:: What you need to do ::
In the entries that follow, repeat exactly the lines from the one that has "錆汚れなどを綺麗に拭き上げ、新しい蛇口、シャワーハンガーを取り付けました。" through the one that has "( ilość produktów: 206", but omit pictures.

:: Data to process ::
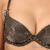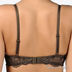 Бюстгальтер с закрытыми чашками, тонкий слой поролона, косточки. Регулируемые по длине бретели. Декор вышивкой и кружевом. Застежка на спине на три ряда двойных крючков. Подкладка из мягкой ткани.
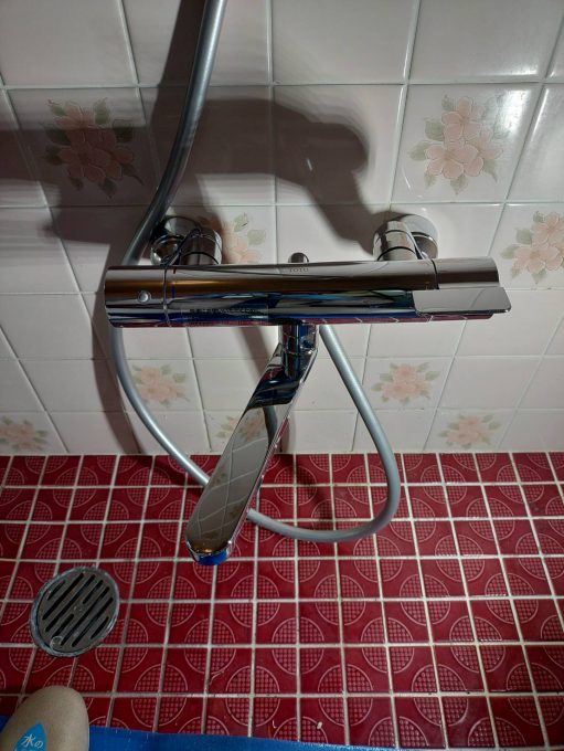 錆汚れなどを綺麗に拭き上げ、新しい蛇口、シャワーハンガーを取り付けました。
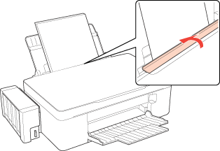 Pastumiet uz priekšu papīra padeves aizsargu.
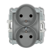 ( ilość produktów: 206 )Mechanizm gniazda podwójnego do ramki z uziemieniem 2x2P+Z bez przesłon torów prądowych Karlik seria ICON 27IGPR-2z kolor szary mat
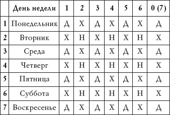 Написать на листе бумаги интересующий вопрос и зачеркнуть в нем все гласные буквы. Под согласными поставить цифры, соответствующие цифрам в алфавите. Полученные цифры перемножить и полученное произведение разделить на 7. Остаток деления соотнести с днем недели (0 – воскресенье, 1 – понедельник, 2 – вторник, 3 – среда и т. д.) и по приведенной ниже таблице получить ответ на вопрос: Д – ответ утвердительный, Н – ответ отрицательный, Х – решение данного вопроса лучше перенести на другой день.
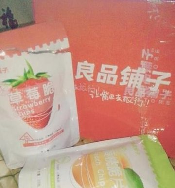 良品铺子武珞路五巷46号凯乐花园6栋1楼53号, 中南路。品种很齐全的零食店,要了一包草莓脆,感觉很好吃的呢,很大一包,但是很轻,没什么分量,打开包装以后,里面都是很小个头的草莓脆,完整的那种,一口一个很好吃,味道酸甜,很不错的零食。
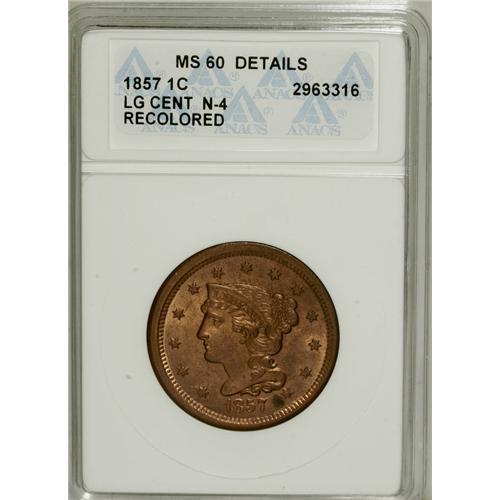 <B>1857 1C Large Date Brown--Recolored--ANACS. MS60 Details.</B></I> N-4. NGC Census: (2/280). PCGS Population (6/132). Mintage: 333,456. Numismedia Wsl. Price for NGC/PCGS coin in MS60: $200. (#1928)<BR><BR><b>Shipping:</b> Coins & Currency (<a target="_blank" href="http://www.heritageauctions.com/common/shipping.php">view shipping information</a>)
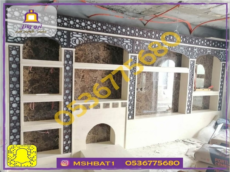 ديكورات مشبات الرخام والجبس والجرانيت, ديكورات مشبات الطوب الرملي والديكوري والطوب الاحمرلدينا كادر مؤهل على تركيب جميع انواع واحجام المشبات.خامات عالية الجودة
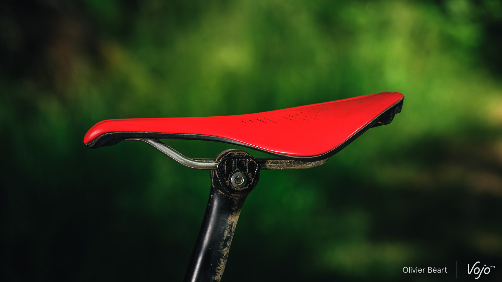 Pour un usage sur de longues distances, la selle Specialized Power n’a pas son pareil et c’est un véritable coup de foudre. On ne s’est toujours pas vraiment habitués à son physique, mais elle n’est pas prête de quitter notre monture ! Elle s’est aussi montrée particulièrement résistante et elle semble encore presque neuve malgré les conditions climatiques parfois sévères dans lesquelles le test s’est déroulé (regardez les images du test XTR Di2 pour vous en convaincre). Des défauts, nous ne lui en avons pas vraiment trouvé mais par contre, nous avons clairement vu ses limites et sa largeur importante, gênante si les passages très techniques se répètent, la rendra inadaptée au XC pur sur des circuits exigeants façon World Cup, ainsi qu’à l’enduro. Un biker averti…

:: Result for this task ::
 錆汚れなどを綺麗に拭き上げ、新しい蛇口、シャワーハンガーを取り付けました。
 Pastumiet uz priekšu papīra padeves aizsargu.
 ( ilość produktów: 206 )Mechanizm gniazda podwójnego do ramki z uziemieniem 2x2P+Z bez przesłon torów prądowych Karlik seria ICON 27IGPR-2z kolor szary mat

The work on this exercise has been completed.